Sadhan Sarker

Posted on Jan 29, 2020 • Edited on Feb 1, 2020

Python bypass anti-bot page and scrape it

#python #scrape #antibot #beginners

🔰 Today we are going to look an awesome python module, scrapping is fun if you try it previously. Scrapping & Crawling are common names, but they have a bit of difference. Web Crawling is basically what Google & Facebook etc do, it's looking for any information. On the other hand, Scrapping is targeted at certain websites, for specific data, e.g. for product information and price, etc.

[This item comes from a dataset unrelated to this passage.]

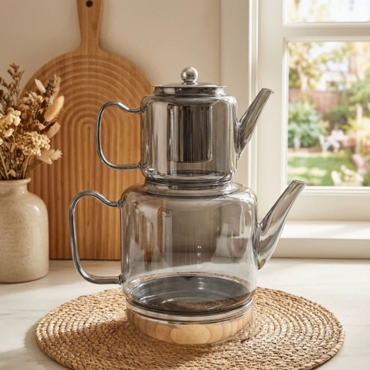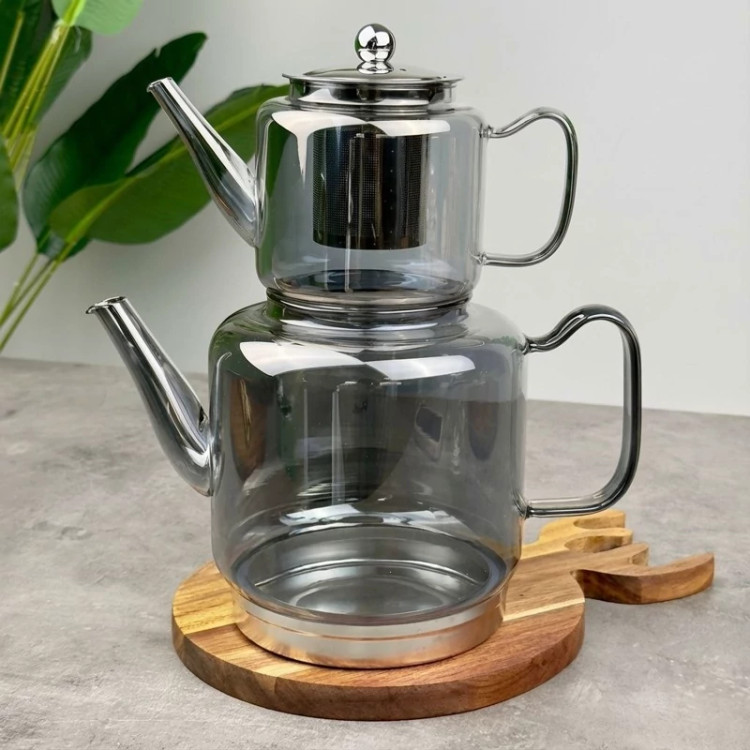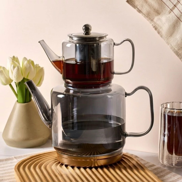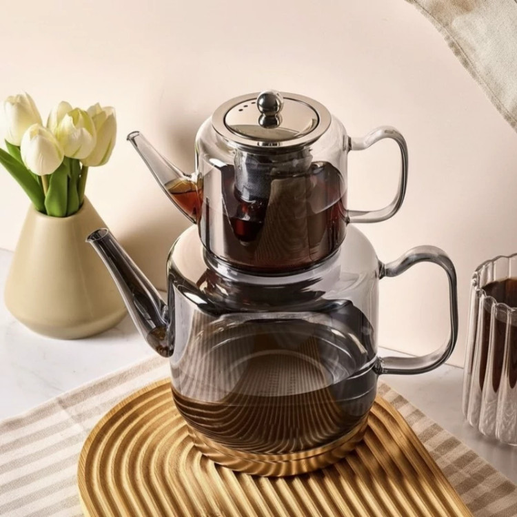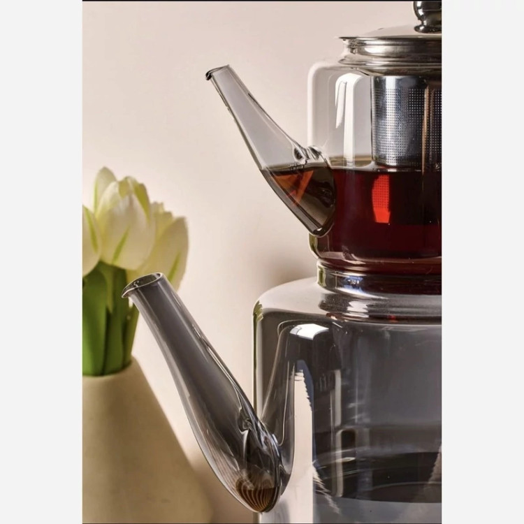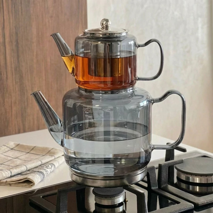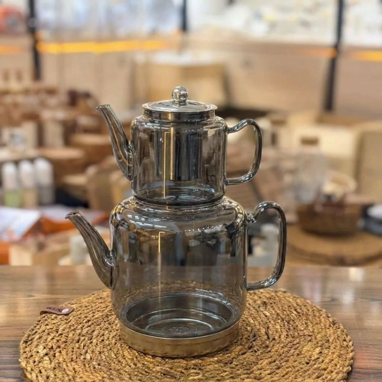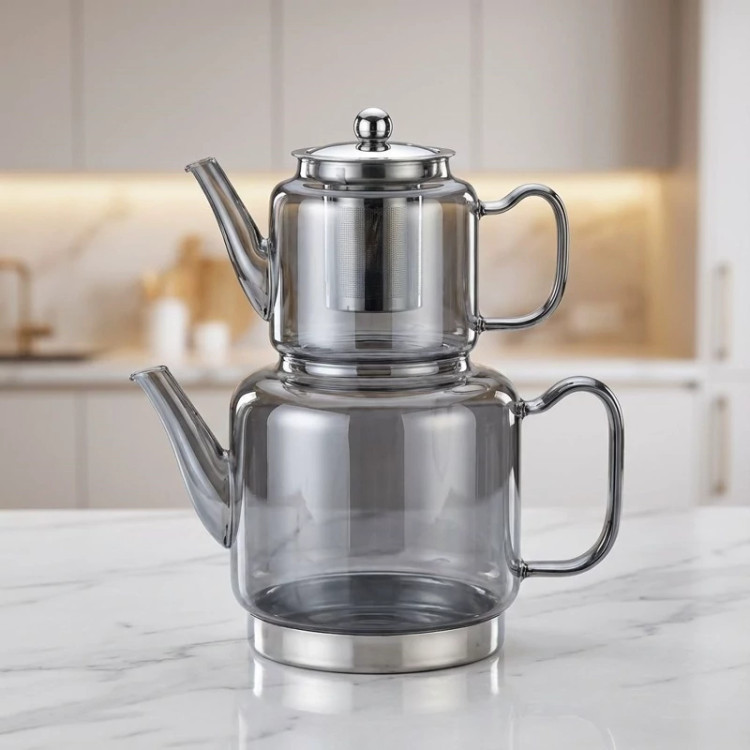 ◼️ست کتری قوری پیرکس کف استیل 304 ☑️ ... ▪️محصول وارداتی ... ▪️تنوع رنگ/ دودی ... ▪️تعدادپارچه / 3پارچه (کتری دربجداگانهندارد) ... ▪️حجمکتری/ 2لیتر ▪️حجمقوری/700میل ... ▪️ارتفاع کتری و قوری روهم 26cm ... ▪️وزن سبکوطراحی ارگونومیک ... ▪️شعله مستقیم ▪️پیرکس حرارتی / آنتی شوک ... ▪️(جنس بدنه کتری و قوری: پیرکس borosilicate مقاوم حرارتی) ... ▪️جنسپایینکتری:استیل 304 (_کف استیل304 باعث مقاومتبیشتر انتقال حرارت یکنواخت استاندارد _بادوام و مناسب برای قرارگیری روی شعله پخشکن) ... ▪️قوریمجهزبهصافی استیلضدزنگ/استیل 304 ▪️جنس در/ استیل (دارایسوراخخروجبخار) .... ▪️کتریقوریتمامپیرکس باکفاستیل 304 – شفاف،زیبا ومناسبدمنوشهای سالم .... ▪️اگربهدنبالیکمسیرسالمتر، حرفهایتر برای دم کردن چای و دمنوش هستید، این کتریقوری تمام پیرکس با کف استیل304بهترین انتخاب شماست. ▪️ترکیب شیشهی مقاوم حرارتی و کف استیل باکیفیت، هم ظاهر محصول را جذاب کرده و هم عملکرد آن را بهصورت چشمگیری بالا برده است. ▪️شفافیت کامل پیرکس، امکان دیدن فرآیند دمکشیدن چای را فراهم میکند و کف استیل 304 باعث مقاومت بیشتر، انتقال حرارت استاندارد و دوام طولانیمدت میشود. ▪️💧 شستشوی آسان: برای ماندگاری درخشش شیشه و استیل، شستشو بهصورت دستی با اسفنج نرم پیشنهاد میشود.

Check Development Environment Ready or not

Before moving forward we need to check python is available or not. To do so, Open terminal or command line and hit below command,

python --version
Output: Python 2.7.16

Or,

python3 --version
Output: Python 3.8.0

If everything looks good like me, your python version might be different from me. So don't worry about it. If you see not found then install python from here.

Setup Virtual Environment

We need to create Virtual Environment, to avoid python modules, dependency or libraries version conflicting issues. So that we can ensure isolation, each project dependencies or libraries version can be maintained easily.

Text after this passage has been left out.